To study the signal transduction mechanisms by which ultraviolet B (UVB) leads to increased prostaglandin E2 (PGE2) synthesis, human epidermal cultures were irradiated with 30 mJ/cm2 UVB and assayed for 6-h cumulative PGE2. Supernatants from irradiated cultures showed a 4-fold increase in PGE2 synthesis (113.6 +/- 26.8 pg/mg protein) when compared to supernatants from sham-irradiated cultures (25.6 +/- 3.9 pg/mg protein). Pretreatment of irradiated cultures with genistein (10 micrograms/ml) or tyrphostin-23 (50 microM), inhibitors of tyrosine kinases, blocked UVB-stimulated PGE2 synthesis.

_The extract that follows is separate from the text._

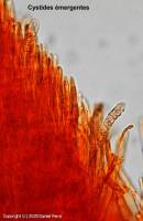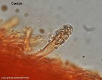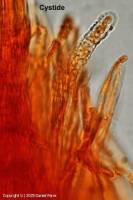 Cystides fortement incrustées au sommet et très grande 40-100 x 4-7 μm.

Treatment of nonirradiated cultures with epidermal growth factor (EGF), which acts through the receptor tyrosine kinase EGF-R, produced a 4-fold increase in PGE2 synthesis. However, addition of EGF to irradiated cultures did not further enhance their PGE2 synthesis, indicating irradiation rendered them refractory to EGF stimulation. In contrast, irradiated cultures could still significantly increase their PGE2 synthesis in response to the calcium ionophore A23187 or the protein kinase C activator 12-O-tetradecanoylphorbol-13-acetate, suggesting that the lack of response to EGF was selective. Furthermore, anti-phosphotyrosine immunoblot analysis revealed UVB-induced phosphorylation of tyrosine residues of EGF-R, an indicator of receptor activation. Phosphorylation was maximal 30-60 min after irradiation and was blocked by the tyrosine kinase inhibitors, genistein and tyrphostin. The antioxidant N-acetylcysteine decreased UVB-induced EGF-R tyrosine phosphorylation and PGE2 synthesis to near-basal levels. Conversely, treatment of unirradiated cultures with the potent oxidant tert-butyl-hydroperoxide (100 microM) increased both PGE2 synthesis and EGF-R phosphorylation. Collectively, these data suggest that antioxidant depletion induced by UV results in tyrosine phosphorylation and activation of the EGF-R. This activation may subsequently activate epidermal phospholipase at early time points after UVB exposure.